Introduction to MelNet
MelNet is a pioneering generative model designed to create audio content in the frequency domain. This sophisticated project revolves around producing vivid and intricate audio by understanding and manipulating audio signals at the frequency level. This offers a way to generate realistic audio by training on datasets and uncovering patterns within the signal frequencies.
Prerequisites
To dive into MelNet, it is essential to use the right tools:
- Compatible Python versions include 3.6.8 and 3.7.4.
- The project runs smoothly on PyTorch versions 1.2.0 and 1.3.0.
- Essential packages can be installed using the command:
pip install -r requirements.txt
.
Training MelNet
Datasets
MelNet supports multiple datasets such as Blizzard, VoxCeleb2, and KSS, each of which has pre-configured YAML files under the config/
directory. For those with different datasets, it is possible to create custom YAML files based on the existing templates.
- Unconditional Training: This mode is versatile and available for any dataset with a standard file extension defined in the YAML configuration.
- Conditional Training: This mode, albeit limited in scope, is currently available for the KSS dataset and parts of the Blizzard dataset.
Execution
To train the model, the following command is used:
python trainer.py -c [config YAML file path] -n [name of run] -t [tier number] -b [batch size] -s [TTS]
- The model accommodates training in steps, known as tiers. Each successive tier is typically more demanding than its predecessor, except the first. Thus, adjusting the batch size for each tier is crucial.
- Note that high data-intensive tiers like Tier 6 may exceed computational limits on a typical 16GB graphics card, even with minimized batch sizes.
- The
-s
flag toggles training specifically for Text-to-Speech (TTS) tiers, relevant only at the initial tier. For tiers beyond the first, any input for-s
is overlooked.
Sampling with MelNet
Preparing Checkpoints
- Checkpoints are integral for sampling and should reside within the
chkpt/
directory. - An essential file,
inference.yaml
, must be placed underconfig/
. This file details the number of tiers, checkpoint names, and determines the conditional or unconditional nature of generation.
Sampling Execution
The sampling process is initiated with:
python inference.py -c [config YAML file path] -p [inference YAML file path] -t [timestep of generated mel spectrogram] -n [name of sample] -i [input sentence for conditional generation]
- Timestep: Defines the mel spectrogram's duration. This relationship is roughly akin to
[sample rate] : [hop length of FFT]
. - Conditional Generation: The
-i
flag facilitates this by accepting a sentence for context, enclosed in quotes and ending with a period. It is optional for unconditional processes. - Both generation methods currently do not offer primed generation, meaning they don't extrapolate based on initial data input.

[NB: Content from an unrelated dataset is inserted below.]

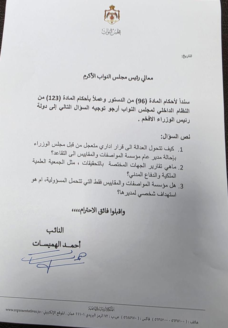 عمان جو-وجّه النائب أحمد الهميسات سؤالاً نيابياً إلى دولة رئيس الوزراء، استناداً لأحكام المادتين (96) من الدستور و(123) من النظام الداخلي لمجلس النواب، تساءل فيه عن الأسس القانونية والإدارية لإحالة مدير عام مؤسسة المواصفات والمقاييس إلى التقاعد بقرار إداري متعجّل من مجلس الوزراء.

Developmental Milestones and Contributors
MelNet's journey includes successful implementation of various functions:
- Upsampling, GMM Sampling, TTS Synthesis, and unconditional audio generation are functional.
- There are successful deployments on multi-GPU setups and logging with Tensorboard.
- The team aims to enhance the model further with primed generation capabilities in future updates.
Contributors
The MelNet project owes its progress to:
- Seungwon Park
- June Young Yi
- Yoonhyung Lee
- Joowhan Song
All contributors are proud representatives from Deepest Season 6.
License
MelNet is an open-source project, adhering to the MIT License, promoting freedom in usage, modification, and distribution.
This overview captures the essence of MelNet, detailing its comprehensive approach to audio generation and its tailored journey in the realm of artificial sound creation.